Берлянчик испытал неловкость перед этим человеком. Он явно жертвовал собой ради финансовой затеи, одним из участников которой был одуревший от любви бизнесмен, а другим — патентованный мошенник. Однако Додик понимал, что, если он даст волю угрызениям совести, то потеряет завод и «Виртуозов Хаджибея» — кредиторы сделают его банкротом.
Директор ожидал гостей в кабинете за широким письменным столом. В кабинете было сумрачно. Его освещали унылые остатки пасмурного дня и засиженная мухами лампочка без абажура. Под ней находился табурет. Поскольку выключатель в кабинете не работал, директор влезал на табурет и докручивал лампочку в патрон, а, выходя из кабинета, таким же образом обесточивал ее. На столе директора стояли пять цветных телефонных аппаратов. Четыре из них не работали, а один связывал директора с приемной.
— Иван Пантелеймонович, — скорбно начал Горчак, держа удочку в наклоне так, чтобы не царапать потолок. — Приехал мистер Билл О’Конноли, но... К сожалению, простите...
— А что случилось?
Ветеринар застыл в дверях, держа леску на весу,
— Да вот... Григорий Николаевич... В больницу...
Но надежды директора на чудесное финансовое спасение были так неистощимы, что он замахал обеими руками:
— Поедете после разговора!
— Но я же, извините, э-э-э... с человеком.
— Це важнее за него!
— Но, но... у него ухо на крючке.
— Садись, сказал! Не кидай задом... Надя! — закричал директор. — Зови Ангелину и людям кофе принеси!
Горчак и инвесторы остались в кабинете, а ветеринара выставили с удочкой в приемную по причине особой конфиденциальности переговоров, и вскоре туда начал прибывать народ. «Що це правда, — тревожились селяне. — Нас американцу продают?». Секретарь, молодая пикантная особа с копной крашеных волос, подводила помадой губы за столом, неся служебную тайну на лице. К ней нетерпеливо подскочил смуглый парень в грязном промасленном комбинезоне и, тряхнув кудрями на дверь, спросил:
— Тату у себя?
— Да.
— С америкой?
— С кем надо.
— До чего они дохрюкались, не знаешь?
Секретарь энергично замахала помадой перед носом, освежая пространство между ней и посетителем:
— Идить, Колю! — брезгливо сказала она. — От тебе бздить бильше, чем за твого трактору!

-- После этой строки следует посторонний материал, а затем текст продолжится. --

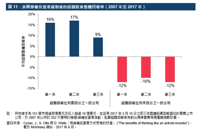 不同投票权架构亦可避免因为长期与短期投资者之间的潜在冲突而产生的委讬人利益冲突成本。有些短期投资者(如维权投资者)或倾向于对其投资的公司行使控制权,但研究发现维权投资者的行为不一定能提升公司价值。根据McKinsey的一篇文章,针对美国公司进行的维权投资者运动的次数从2010年的108次增至2016年的280次。文章特别指出,TMT产业的维权投资者大多是缺乏相关产业专业知识的一般人士。维权投资者虽有意创造价值,其进行的活动却不一定能提高对股东的整体回报率(“整体回报率”是指按公司营运表现、股票市值及市场对公司表现及财务槓杆所预期的转变而作出的整体量标50)。超额的股东整体回报率(相对于相应的标准普尔产业指数的股东整体回报率)在维权投资者运动后首三年内可为正数或负数。

Парень, не обидевшись, метнулся к ветеринару, но тот постукивал удочкой об пол и, меняя руки возле уха, загадочно молчал.
Между тем, пришла главбух, и в кабинете начались переговоры; мистер Билл О’Конноли энергично двигал левой половиной рта, полуобнажив ослепительный оскал. Берлянчик его переводил. Директор слушал довольно настороженно — американец был загадкой для него. Но мистер Билл О’Конноли попивал кофе малыми аптекарскими дозами и лучился такой приветливой сердечностью, что развеял все сомнения директора.

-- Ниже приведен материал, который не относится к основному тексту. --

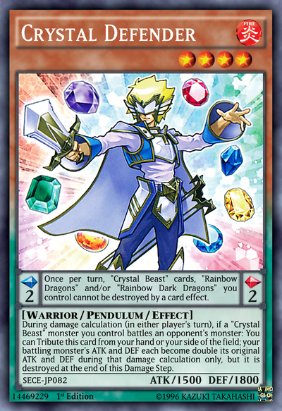 Crystal Defender- Enquanto pendulum , Crystal beasts cards e Rainbow dragons não podem ser destruídos por efeitos de cartas , como monstro tem o efeito de Bujin Crane , ele é bom e pode surpreender o oponente.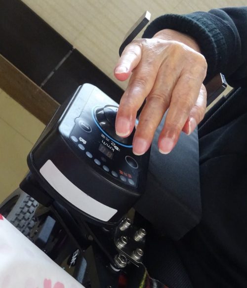 事故で頸椎(けいつい)を損傷した方にも、ゆっくりお話を伺い、ある方の『電動車イス』は、バーを握って操作するタイプではなく、手をそえて動かすタイプでした(📷写真)。障害の状況は人によって違うので、お話を伺う事で分かる事があります(伺った話は省略)。イベントの時は毎年のようにお邪魔していますが、普段のほうが様子が分かりますね。職員の皆さんも含め、ありがとうございました😊。(許可を受けて撮影しています)

Мистер Билл О’Конноли любил людей, глубоко и правдиво. Люди ощущали неподдельность его чувств и платили ему искренней взаимностью, и тогда он их откровенно надувал. Нет, он не лицемерил, он действительно любил; но как всякий разумный современный человек, он использовал себе во благо практическую сторону любви.
— Так, — наконец откашлялся директор. — Фабрика, вы говорите. Но ведь это гроши, и немалые?

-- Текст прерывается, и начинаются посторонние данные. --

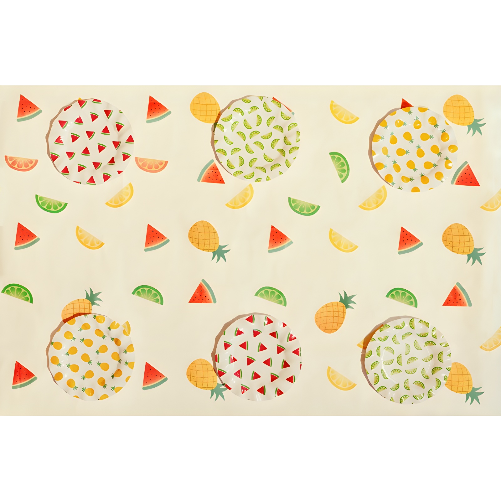 Este mantel desechable presenta un alegre estampado de frutas sobre un fondo beige que aporta un toque fresco y colorido a cualquier mesa.

— Мистер Билл О’Конноли к этому готов, — перевел Берлянчик.
Главбух, теребя концы косынки, недоверчиво спросила:
— А рынок сбыта?
— Армия, — с улыбкой пояснил Горчак. — Я уже говорил с генералом Обрусенко: он готов заказывать одеяла и солдатские подушки, если мы, конечно, его посадим на процент.
— Я думаю, Европа предпочтительней, — возразил Берлянчик. — Мы убьем ее ценой. Тоже НАТО, например. У мистера О’Конноли очень тесные деловые связи в центральной штаб-квартире в Брюсселе. Кроме того, часть валюты будет оставаться за границей. Где-нибудь в оффшорной зоне — на Кипре или на острове Науру, например.
— Это будут наши деньги, — уточнил Горчак. — Они будут поступать «откатом» на наши персональные счета.
Ангелина Матвеевна нервно отвернулась и спросила:
— А як мы це проконтролюемо?
— Запросите банк. В любой момент.
— Як?
— По телефону.
— Откуда — на остров Науру с Разгуляек? Да я в район дозвониться не могу... Нет, хлопцы, так дело не пойдет. Вы что считаете — раз мы деревенски, то темни та дурни?
— Добре, Ангелина, — кивнул директор. — А шо ты предлагаешь?